> [What the task requires]:
In the entries below, find the line with "La Duquesa de" and the line with "该价格商品规格:口味:芋头牛". Repeat exactly everything between them, those two lines included, but not the pictures.

> [Exercise material]:
════════
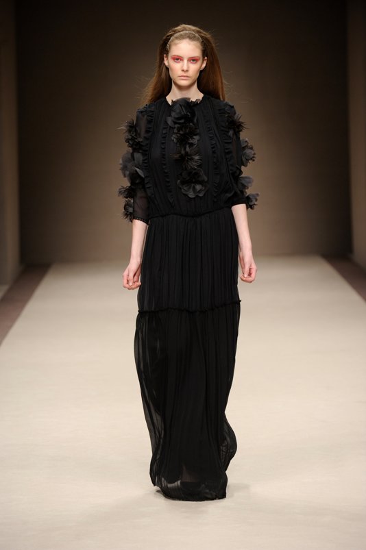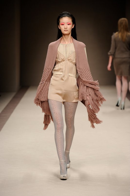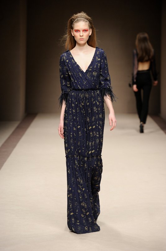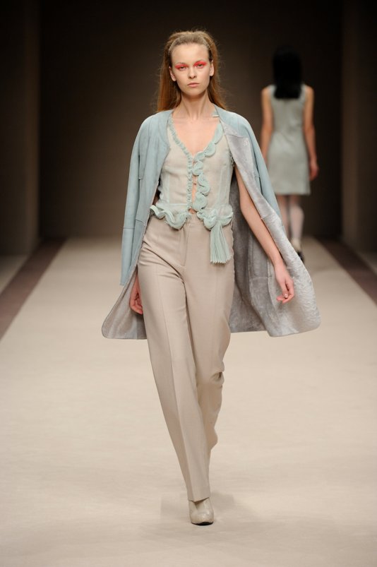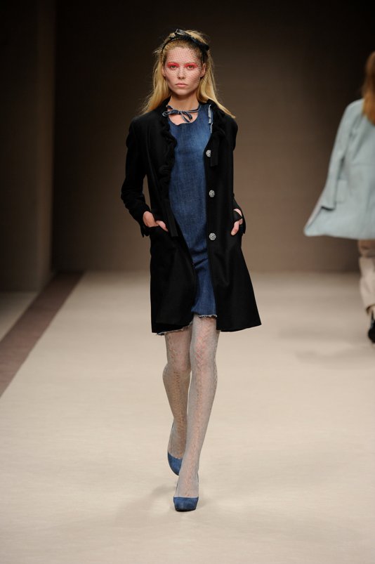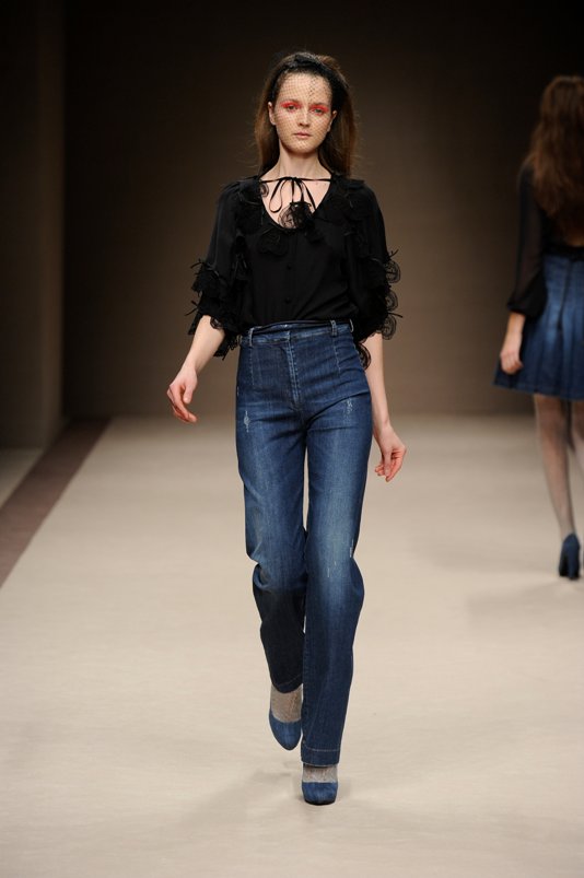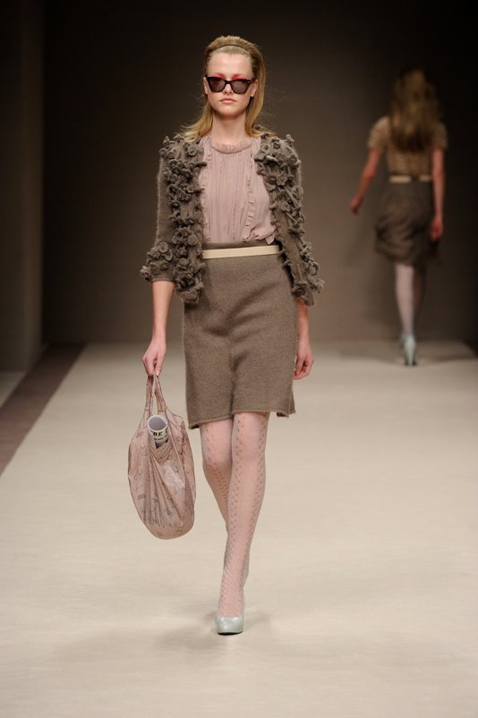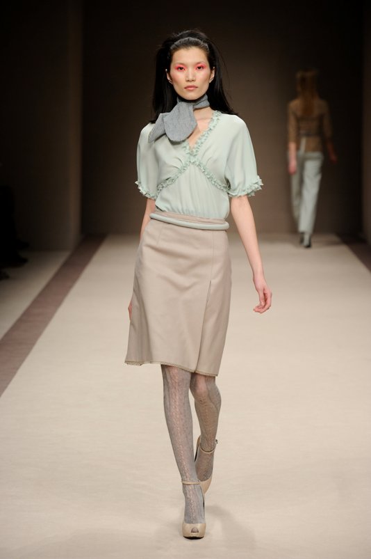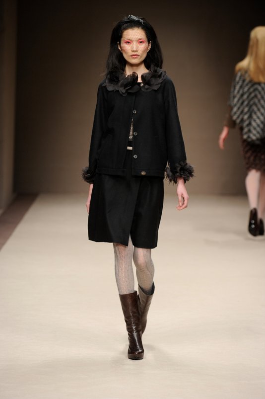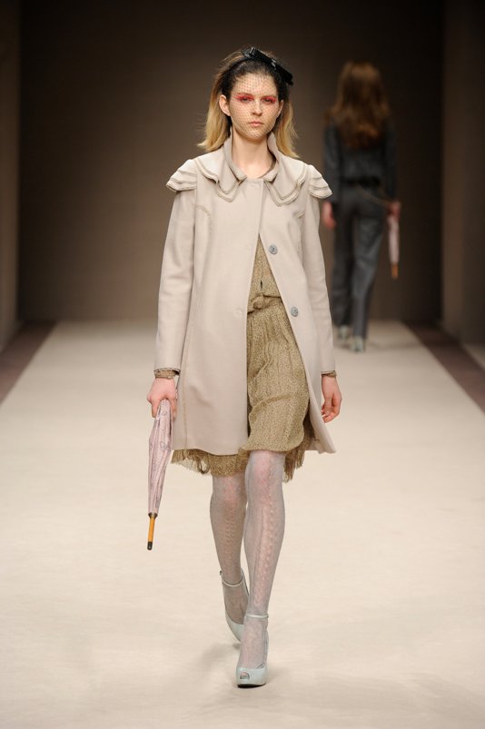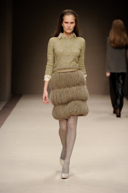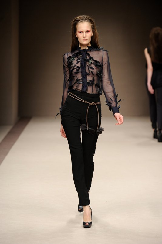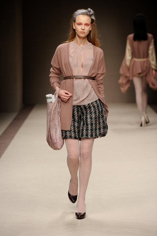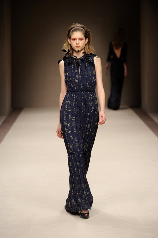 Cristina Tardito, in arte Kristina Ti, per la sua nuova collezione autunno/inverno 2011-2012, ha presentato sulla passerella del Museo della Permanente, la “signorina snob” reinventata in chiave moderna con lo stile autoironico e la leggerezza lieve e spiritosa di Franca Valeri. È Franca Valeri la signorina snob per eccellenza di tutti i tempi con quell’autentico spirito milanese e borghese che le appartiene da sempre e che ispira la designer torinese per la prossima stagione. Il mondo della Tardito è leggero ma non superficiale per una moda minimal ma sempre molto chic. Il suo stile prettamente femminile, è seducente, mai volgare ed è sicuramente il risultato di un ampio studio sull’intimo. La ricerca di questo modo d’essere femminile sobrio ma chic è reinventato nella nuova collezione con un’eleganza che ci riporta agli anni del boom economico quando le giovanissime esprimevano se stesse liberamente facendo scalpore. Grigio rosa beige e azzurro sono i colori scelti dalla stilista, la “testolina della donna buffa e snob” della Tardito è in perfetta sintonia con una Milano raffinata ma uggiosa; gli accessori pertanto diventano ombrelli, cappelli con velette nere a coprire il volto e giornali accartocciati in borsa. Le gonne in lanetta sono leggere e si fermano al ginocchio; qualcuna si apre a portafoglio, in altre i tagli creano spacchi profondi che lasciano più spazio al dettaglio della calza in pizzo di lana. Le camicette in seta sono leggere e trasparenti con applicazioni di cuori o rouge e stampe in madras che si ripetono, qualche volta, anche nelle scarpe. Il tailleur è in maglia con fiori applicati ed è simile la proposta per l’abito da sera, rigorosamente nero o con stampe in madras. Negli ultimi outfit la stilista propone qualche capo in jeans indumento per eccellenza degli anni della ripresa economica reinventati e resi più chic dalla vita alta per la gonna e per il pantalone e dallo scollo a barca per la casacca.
════════
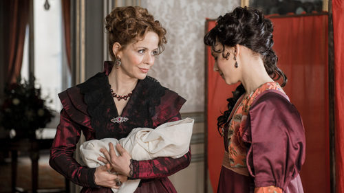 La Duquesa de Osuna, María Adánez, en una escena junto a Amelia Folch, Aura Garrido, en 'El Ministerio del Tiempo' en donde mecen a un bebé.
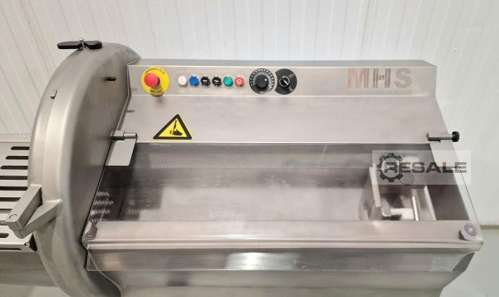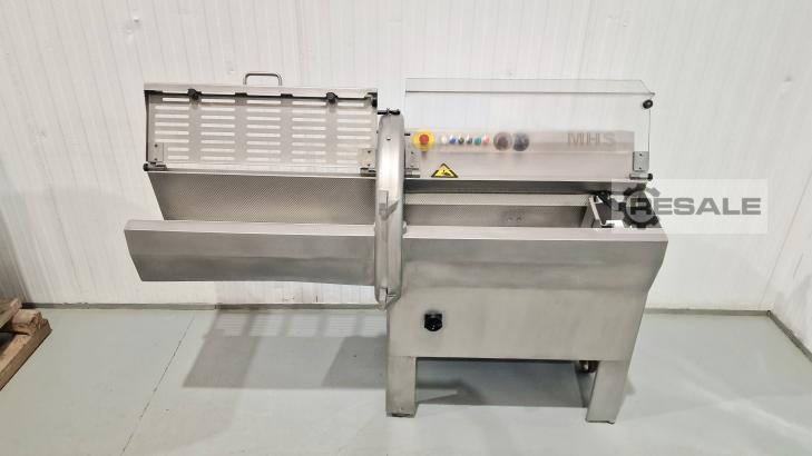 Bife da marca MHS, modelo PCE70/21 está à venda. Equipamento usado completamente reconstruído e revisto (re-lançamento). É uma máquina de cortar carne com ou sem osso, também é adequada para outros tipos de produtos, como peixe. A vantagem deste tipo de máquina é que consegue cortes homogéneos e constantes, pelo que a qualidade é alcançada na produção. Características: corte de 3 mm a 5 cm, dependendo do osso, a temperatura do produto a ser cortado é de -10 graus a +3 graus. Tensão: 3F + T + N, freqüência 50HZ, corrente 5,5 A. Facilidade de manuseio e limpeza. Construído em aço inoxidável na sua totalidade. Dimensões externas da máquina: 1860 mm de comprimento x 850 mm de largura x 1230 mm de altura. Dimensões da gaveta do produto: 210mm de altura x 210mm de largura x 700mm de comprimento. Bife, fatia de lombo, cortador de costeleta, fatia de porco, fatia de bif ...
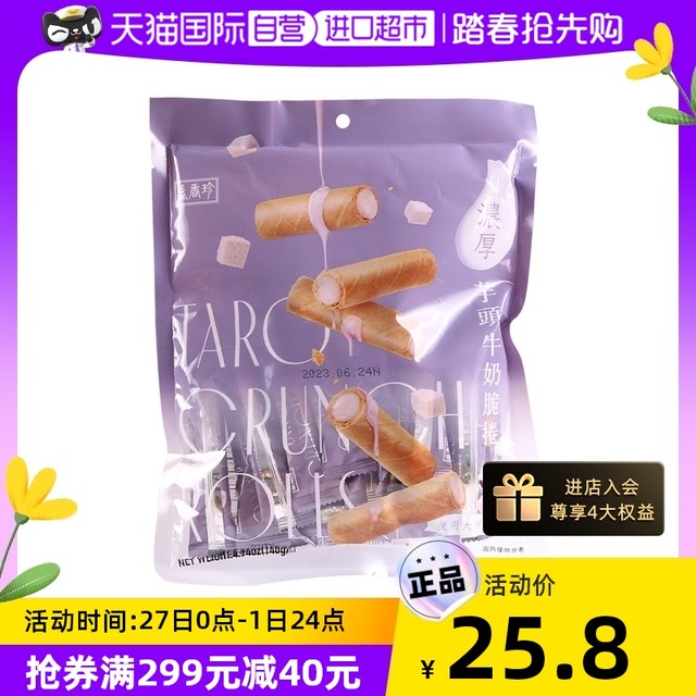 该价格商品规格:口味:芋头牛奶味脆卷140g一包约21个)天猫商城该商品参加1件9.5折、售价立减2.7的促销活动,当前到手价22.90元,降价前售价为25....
════════
> [Exercise response]:
 La Duquesa de Osuna, María Adánez, en una escena junto a Amelia Folch, Aura Garrido, en 'El Ministerio del Tiempo' en donde mecen a un bebé.
 Bife da marca MHS, modelo PCE70/21 está à venda. Equipamento usado completamente reconstruído e revisto (re-lançamento). É uma máquina de cortar carne com ou sem osso, também é adequada para outros tipos de produtos, como peixe. A vantagem deste tipo de máquina é que consegue cortes homogéneos e constantes, pelo que a qualidade é alcançada na produção. Características: corte de 3 mm a 5 cm, dependendo do osso, a temperatura do produto a ser cortado é de -10 graus a +3 graus. Tensão: 3F + T + N, freqüência 50HZ, corrente 5,5 A. Facilidade de manuseio e limpeza. Construído em aço inoxidável na sua totalidade. Dimensões externas da máquina: 1860 mm de comprimento x 850 mm de largura x 1230 mm de altura. Dimensões da gaveta do produto: 210mm de altura x 210mm de largura x 700mm de comprimento. Bife, fatia de lombo, cortador de costeleta, fatia de porco, fatia de bif ...
 该价格商品规格:口味:芋头牛奶味脆卷140g一包约21个)天猫商城该商品参加1件9.5折、售价立减2.7的促销活动,当前到手价22.90元,降价前售价为25....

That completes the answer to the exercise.